Where the line with "- Cap firing" appears below, start writing out lines exactly, and finish with the line with "Joseph Esposito Sterling", which is included; write out nothing else.

------ PROVIDED RECORDS ------

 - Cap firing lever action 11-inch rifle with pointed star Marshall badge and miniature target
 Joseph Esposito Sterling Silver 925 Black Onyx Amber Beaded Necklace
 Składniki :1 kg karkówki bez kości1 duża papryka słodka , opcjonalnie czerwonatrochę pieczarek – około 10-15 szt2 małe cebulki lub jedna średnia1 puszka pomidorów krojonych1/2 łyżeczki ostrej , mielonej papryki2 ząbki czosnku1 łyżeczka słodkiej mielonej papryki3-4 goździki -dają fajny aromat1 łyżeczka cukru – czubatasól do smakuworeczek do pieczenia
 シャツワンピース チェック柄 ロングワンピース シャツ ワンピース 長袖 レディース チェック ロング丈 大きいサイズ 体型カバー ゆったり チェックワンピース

------
------ PROVIDED RECORDS ------

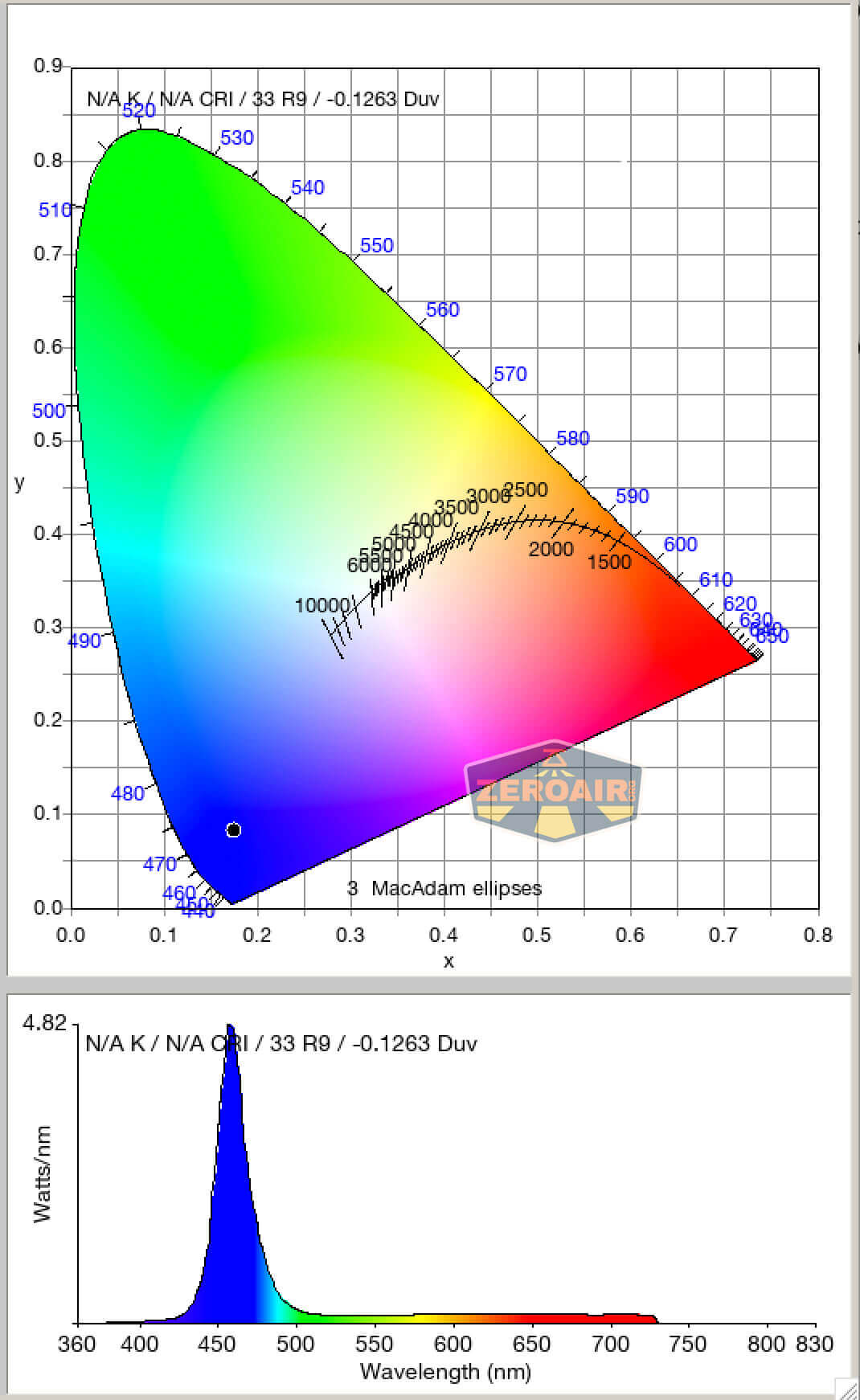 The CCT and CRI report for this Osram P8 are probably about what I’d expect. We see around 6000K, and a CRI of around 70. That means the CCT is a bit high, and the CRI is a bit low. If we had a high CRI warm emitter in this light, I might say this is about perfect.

------

◆ RESULT ◆
 - Cap firing lever action 11-inch rifle with pointed star Marshall badge and miniature target
 Joseph Esposito Sterling Silver 925 Black Onyx Amber Beaded Necklace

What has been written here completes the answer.